CONCLUSION: TKA with a tourniquet is associated with an increased risk of SAEs, pain, and a marginally longer hospital stay. The only finding in favour of tourniquet use was a shorter time in theatre. The results make it difficult to justify the routine use of a tourniquet in TKA surgery. Cite this article: Bone Joint J 2021;103-B(5):830-839.

Introduction

Over 106,000 total knee arthroplasties (TKAs) were performed in the UK in 2018.[1,2] TKA is frequently undertaken with the aid of a tourniquet around the thigh.[3] Over 90% of surgeons in the UK, USA, and in Europe routinely use tourniquets for TKA.[4-6] A tourniquet is typically applied at high pressure around the leg for all or part of the procedure.
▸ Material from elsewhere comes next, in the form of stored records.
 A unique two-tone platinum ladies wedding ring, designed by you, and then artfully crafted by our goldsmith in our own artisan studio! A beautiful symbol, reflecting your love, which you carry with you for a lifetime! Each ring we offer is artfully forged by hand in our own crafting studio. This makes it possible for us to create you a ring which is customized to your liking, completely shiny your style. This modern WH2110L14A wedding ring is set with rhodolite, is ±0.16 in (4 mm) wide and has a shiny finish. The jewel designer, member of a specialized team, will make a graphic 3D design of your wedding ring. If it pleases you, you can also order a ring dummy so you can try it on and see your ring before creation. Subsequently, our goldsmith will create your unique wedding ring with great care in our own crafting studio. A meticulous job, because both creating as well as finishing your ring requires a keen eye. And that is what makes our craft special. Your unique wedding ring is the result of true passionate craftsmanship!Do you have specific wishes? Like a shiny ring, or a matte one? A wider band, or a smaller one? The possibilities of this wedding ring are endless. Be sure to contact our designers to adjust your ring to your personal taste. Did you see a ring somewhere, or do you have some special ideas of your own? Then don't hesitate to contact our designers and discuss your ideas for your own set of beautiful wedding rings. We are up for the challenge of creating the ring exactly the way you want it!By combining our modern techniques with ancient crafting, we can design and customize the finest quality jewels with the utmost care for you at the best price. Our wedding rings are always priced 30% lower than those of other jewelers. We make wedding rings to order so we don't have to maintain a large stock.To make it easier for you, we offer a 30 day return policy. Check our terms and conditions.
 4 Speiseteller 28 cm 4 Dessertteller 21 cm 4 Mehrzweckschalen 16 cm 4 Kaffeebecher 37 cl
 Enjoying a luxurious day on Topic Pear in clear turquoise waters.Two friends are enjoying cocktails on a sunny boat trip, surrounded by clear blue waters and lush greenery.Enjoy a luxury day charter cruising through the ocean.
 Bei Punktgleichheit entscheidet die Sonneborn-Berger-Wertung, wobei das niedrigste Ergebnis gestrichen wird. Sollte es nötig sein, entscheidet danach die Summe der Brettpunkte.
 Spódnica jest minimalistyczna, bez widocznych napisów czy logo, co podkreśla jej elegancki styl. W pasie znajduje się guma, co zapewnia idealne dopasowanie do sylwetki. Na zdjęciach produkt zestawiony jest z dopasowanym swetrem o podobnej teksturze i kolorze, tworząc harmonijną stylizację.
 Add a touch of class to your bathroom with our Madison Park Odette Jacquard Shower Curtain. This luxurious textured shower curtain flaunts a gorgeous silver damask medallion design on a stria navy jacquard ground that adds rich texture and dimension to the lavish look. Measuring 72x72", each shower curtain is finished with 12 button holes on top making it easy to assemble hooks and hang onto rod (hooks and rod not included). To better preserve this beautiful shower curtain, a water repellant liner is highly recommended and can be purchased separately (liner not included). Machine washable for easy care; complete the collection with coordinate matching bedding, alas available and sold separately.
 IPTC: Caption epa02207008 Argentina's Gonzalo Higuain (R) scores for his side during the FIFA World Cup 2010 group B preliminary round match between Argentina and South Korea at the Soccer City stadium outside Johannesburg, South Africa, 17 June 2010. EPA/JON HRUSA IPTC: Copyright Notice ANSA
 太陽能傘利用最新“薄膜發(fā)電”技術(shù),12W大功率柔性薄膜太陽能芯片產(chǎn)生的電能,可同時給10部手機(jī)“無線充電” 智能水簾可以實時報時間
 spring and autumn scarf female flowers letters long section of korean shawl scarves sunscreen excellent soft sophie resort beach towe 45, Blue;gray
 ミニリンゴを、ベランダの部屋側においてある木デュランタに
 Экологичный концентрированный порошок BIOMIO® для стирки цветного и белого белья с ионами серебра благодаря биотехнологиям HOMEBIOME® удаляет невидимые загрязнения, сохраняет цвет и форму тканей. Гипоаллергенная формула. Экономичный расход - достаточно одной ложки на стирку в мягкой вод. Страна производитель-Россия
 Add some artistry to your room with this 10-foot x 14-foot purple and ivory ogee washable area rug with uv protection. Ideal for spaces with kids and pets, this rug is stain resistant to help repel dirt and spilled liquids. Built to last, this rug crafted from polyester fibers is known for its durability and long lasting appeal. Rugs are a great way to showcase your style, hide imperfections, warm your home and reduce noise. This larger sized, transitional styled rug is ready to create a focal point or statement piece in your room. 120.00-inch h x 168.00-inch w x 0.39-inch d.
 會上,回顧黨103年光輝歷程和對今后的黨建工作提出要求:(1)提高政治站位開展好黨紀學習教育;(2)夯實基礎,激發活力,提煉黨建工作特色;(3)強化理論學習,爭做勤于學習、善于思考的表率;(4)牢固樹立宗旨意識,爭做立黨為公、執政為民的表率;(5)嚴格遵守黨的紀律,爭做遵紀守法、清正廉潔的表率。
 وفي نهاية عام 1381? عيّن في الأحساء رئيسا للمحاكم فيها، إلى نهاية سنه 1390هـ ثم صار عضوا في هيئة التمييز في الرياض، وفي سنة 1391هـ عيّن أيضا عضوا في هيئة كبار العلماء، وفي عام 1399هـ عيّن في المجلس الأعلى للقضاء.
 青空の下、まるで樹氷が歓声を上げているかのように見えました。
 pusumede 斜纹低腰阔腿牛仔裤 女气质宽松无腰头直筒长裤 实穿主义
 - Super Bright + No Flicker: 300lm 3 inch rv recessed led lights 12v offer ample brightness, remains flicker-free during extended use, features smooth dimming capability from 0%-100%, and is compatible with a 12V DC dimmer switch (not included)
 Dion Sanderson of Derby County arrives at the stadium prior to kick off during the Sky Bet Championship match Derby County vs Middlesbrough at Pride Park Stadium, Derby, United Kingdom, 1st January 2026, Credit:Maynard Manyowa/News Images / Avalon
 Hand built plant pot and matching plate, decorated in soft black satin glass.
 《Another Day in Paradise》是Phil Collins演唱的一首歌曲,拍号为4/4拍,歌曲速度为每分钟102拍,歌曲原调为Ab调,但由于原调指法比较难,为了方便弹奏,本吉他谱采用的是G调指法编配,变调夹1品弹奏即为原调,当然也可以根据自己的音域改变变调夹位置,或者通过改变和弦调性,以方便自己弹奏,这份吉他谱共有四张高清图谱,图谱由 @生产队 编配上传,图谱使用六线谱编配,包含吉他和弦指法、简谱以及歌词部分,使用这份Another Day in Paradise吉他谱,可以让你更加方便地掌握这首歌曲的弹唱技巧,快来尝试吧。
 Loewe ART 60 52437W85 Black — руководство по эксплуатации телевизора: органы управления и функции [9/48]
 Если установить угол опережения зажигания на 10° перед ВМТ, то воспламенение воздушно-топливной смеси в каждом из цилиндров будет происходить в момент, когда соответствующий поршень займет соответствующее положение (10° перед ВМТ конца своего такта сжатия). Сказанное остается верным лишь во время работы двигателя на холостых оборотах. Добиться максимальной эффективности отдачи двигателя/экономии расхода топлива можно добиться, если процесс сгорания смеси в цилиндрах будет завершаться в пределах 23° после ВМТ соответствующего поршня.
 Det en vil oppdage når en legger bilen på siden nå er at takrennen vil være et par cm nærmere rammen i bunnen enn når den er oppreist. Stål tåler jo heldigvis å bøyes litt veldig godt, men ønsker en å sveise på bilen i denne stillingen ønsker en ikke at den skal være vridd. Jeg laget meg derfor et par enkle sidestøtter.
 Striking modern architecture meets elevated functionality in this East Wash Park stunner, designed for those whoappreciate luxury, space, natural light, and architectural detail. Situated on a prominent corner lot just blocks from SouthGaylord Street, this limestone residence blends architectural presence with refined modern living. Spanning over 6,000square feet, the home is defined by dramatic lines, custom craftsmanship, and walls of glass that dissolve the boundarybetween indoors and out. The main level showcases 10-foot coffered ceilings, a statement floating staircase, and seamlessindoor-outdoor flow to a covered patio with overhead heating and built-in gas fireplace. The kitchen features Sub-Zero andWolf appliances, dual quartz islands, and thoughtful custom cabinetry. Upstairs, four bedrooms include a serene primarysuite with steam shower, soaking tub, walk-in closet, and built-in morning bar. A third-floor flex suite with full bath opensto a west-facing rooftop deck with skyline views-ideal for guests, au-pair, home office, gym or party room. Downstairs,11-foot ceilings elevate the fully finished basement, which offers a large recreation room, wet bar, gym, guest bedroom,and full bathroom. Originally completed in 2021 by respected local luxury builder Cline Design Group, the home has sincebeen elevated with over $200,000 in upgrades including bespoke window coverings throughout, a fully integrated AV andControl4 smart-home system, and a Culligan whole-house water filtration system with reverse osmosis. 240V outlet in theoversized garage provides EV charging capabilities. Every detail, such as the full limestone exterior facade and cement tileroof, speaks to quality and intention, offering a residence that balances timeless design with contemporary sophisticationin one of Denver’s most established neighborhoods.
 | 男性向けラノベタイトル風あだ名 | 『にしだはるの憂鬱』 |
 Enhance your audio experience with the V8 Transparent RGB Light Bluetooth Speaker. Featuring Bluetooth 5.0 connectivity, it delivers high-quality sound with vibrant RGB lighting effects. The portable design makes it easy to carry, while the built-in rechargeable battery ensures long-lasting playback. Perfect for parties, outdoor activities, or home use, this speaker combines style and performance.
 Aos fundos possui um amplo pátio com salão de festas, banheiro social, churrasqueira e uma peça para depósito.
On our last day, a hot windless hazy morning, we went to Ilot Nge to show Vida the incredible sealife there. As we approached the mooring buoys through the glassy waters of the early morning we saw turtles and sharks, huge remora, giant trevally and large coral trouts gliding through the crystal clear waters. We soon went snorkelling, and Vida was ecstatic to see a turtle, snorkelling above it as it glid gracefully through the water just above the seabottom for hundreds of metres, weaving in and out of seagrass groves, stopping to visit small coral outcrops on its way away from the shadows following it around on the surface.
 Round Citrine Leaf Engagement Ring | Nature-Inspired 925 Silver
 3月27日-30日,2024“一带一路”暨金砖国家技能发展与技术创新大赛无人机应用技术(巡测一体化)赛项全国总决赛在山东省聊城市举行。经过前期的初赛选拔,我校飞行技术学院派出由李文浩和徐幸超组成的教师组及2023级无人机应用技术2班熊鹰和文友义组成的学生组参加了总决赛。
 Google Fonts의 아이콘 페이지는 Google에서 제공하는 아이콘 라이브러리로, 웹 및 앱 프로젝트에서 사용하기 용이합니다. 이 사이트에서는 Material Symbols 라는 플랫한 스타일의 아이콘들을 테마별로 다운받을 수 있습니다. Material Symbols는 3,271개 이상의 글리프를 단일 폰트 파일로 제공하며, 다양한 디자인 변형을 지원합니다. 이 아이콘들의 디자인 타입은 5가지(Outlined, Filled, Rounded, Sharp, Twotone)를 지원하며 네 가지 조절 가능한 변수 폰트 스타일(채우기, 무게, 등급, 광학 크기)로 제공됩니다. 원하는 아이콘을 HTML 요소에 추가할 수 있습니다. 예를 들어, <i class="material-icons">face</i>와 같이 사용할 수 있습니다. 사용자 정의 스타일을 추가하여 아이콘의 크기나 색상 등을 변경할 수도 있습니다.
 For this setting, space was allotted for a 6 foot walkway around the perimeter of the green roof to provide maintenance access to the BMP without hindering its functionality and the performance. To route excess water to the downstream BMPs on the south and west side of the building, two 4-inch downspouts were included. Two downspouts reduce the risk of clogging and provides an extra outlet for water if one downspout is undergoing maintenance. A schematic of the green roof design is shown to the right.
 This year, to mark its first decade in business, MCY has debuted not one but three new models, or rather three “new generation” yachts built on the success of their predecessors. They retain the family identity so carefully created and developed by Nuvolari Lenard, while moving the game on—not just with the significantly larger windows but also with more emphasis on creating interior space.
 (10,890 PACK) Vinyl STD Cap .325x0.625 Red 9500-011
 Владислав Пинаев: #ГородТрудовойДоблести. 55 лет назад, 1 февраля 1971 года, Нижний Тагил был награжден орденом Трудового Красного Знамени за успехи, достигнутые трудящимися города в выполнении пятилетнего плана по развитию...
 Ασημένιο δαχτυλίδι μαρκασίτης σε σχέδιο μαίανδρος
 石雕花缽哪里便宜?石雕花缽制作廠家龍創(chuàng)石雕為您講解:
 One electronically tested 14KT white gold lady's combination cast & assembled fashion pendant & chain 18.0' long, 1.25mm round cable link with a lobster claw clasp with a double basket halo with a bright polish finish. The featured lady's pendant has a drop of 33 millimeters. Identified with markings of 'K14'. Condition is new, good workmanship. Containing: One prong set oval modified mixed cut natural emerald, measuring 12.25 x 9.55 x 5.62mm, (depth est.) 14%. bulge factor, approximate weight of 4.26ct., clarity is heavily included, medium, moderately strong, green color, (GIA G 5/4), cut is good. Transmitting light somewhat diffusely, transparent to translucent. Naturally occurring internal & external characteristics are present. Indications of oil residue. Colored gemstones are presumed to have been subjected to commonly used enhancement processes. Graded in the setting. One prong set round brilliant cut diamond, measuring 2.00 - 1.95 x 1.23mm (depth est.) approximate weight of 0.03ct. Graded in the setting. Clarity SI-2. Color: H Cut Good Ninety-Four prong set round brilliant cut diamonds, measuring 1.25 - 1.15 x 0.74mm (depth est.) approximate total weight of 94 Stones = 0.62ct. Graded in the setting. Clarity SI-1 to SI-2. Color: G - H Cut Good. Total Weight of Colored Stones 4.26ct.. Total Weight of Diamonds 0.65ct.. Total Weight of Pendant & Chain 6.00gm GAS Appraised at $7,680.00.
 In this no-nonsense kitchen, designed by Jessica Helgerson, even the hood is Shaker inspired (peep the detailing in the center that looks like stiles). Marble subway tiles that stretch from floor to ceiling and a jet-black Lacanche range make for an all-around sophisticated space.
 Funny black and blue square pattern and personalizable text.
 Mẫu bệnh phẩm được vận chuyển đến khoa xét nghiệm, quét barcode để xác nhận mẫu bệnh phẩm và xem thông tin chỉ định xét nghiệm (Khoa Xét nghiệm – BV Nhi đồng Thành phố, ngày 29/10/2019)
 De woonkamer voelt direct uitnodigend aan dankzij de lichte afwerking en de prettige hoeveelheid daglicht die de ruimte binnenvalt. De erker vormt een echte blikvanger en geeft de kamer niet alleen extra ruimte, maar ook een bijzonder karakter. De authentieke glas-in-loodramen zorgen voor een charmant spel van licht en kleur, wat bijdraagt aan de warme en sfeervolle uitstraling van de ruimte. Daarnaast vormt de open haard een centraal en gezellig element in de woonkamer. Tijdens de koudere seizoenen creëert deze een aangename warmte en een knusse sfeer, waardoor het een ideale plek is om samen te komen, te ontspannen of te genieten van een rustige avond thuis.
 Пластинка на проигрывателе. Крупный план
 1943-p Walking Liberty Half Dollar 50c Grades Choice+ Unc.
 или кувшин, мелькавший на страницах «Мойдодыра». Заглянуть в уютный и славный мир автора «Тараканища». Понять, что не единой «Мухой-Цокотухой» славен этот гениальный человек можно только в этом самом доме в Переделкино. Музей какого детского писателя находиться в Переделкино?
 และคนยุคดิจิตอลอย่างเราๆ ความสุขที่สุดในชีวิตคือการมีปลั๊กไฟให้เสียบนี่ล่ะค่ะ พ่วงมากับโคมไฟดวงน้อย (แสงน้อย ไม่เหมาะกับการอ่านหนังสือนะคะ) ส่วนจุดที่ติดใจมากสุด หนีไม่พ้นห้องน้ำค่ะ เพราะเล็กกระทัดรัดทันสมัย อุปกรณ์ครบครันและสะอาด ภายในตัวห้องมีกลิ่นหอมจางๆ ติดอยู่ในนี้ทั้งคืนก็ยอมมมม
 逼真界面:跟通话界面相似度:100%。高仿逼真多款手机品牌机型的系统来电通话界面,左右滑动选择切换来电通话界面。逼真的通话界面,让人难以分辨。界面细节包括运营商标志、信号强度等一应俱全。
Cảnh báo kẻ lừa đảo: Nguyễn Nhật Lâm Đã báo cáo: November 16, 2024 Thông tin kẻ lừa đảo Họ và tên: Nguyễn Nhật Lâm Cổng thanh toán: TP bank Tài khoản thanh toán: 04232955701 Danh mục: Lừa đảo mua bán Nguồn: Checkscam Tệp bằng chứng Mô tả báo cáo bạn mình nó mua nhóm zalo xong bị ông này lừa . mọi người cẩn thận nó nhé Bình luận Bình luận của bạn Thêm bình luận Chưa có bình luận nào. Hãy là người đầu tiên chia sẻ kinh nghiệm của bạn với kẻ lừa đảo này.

Tourniquets may help to create a bloodless field, facilitating easier surgery.[4] The majority of knee arthroplasty components are cemented in situ to hold and stabilize them in the correct position on the bone.[1] Some surgeons believe that using a tourniquet helps reduce bleeding and allows the cement to bond more effectively.[4,7] Better cementing should reduce the chance of the knee arthroplasty loosening and failing, but there is no objective clinical evidence to support this. Effective cementing is achieved in hip and shoulder arthroplasty where the use of a tourniquet is not possible. In such surgery it is accepted that the absence of a tourniquet does not compromise the field of view, cause excessive intraoperative blood loss, or lead to long-term problems with implant survivorship.

A tourniquet can cause pain, both during and after surgery.[8] In addition, a tourniquet causes both arterial and venous stasis within the lower leg. It is therefore possible that the use of a surgical tourniquet may increase the risk of postoperative venous thromboembolism (VTE). VTE is one of the most common complications after TKA surgery and a prominent cause of death. Research has found up to 1% develop symptomatic VTE and the in-hospital mortality has been reported as 7.1% in patients with a symptomatic VTE. This is substantially greater than when no VTE was identified (0.3%).[9] Tourniquets may also cause wound and skin problems.[4,10] Furthermore, it may be that after tourniquet deflation, systemic emboli formation contributes to the higher than expected incidence of postoperative cognitive deficit following TKA surgery.[11]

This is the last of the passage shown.